▶ _Brief_
Print the records below exactly, from the line containing "Тампонирование нефтяных скважин при бурении" down to the line containing "La tercera planta", both lines included, and omit every picture.

▶ _Data to process_
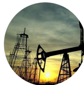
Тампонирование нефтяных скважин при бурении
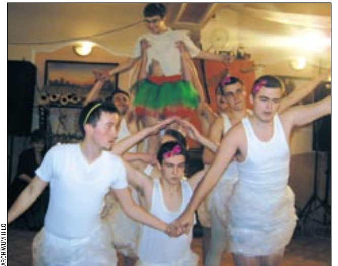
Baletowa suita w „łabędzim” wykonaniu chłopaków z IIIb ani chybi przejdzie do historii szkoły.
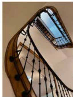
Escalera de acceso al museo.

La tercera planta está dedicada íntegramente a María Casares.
* * *
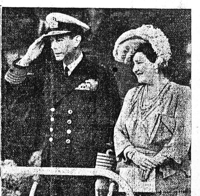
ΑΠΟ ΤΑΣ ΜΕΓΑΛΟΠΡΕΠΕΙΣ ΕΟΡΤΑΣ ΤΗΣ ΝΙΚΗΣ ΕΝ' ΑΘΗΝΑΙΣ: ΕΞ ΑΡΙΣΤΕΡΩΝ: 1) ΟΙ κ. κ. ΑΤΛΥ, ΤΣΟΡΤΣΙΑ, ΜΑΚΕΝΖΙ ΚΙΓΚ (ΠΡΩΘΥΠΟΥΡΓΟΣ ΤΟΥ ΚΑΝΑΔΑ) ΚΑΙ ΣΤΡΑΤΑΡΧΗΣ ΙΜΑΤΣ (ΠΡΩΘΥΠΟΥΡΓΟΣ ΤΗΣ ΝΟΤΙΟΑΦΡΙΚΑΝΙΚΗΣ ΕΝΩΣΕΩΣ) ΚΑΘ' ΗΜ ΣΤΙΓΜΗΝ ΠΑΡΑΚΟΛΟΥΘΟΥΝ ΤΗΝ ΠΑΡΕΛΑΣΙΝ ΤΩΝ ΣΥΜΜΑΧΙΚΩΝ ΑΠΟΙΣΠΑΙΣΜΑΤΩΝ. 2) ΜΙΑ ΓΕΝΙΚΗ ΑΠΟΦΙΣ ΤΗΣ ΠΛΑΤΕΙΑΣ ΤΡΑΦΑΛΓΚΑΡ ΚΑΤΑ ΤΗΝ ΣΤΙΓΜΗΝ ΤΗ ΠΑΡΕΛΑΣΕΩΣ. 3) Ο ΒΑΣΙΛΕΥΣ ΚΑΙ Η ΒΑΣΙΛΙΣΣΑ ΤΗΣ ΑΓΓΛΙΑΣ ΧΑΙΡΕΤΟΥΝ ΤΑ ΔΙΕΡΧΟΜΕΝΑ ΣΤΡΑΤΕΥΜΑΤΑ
--
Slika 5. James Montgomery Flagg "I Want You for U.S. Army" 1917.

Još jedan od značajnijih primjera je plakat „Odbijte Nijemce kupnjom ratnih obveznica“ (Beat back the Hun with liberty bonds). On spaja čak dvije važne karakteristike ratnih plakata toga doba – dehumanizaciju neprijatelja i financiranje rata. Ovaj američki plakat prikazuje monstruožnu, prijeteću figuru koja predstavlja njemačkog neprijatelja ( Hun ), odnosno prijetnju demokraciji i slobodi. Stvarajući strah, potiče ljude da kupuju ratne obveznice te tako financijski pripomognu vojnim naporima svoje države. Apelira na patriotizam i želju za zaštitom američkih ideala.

▶ _Exercise output_
Тампонирование нефтяных скважин при бурении
Baletowa suita w „łabędzim” wykonaniu chłopaków z IIIb ani chybi przejdzie do historii szkoły.
Escalera de acceso al museo.

La tercera planta está dedicada íntegramente a María Casares.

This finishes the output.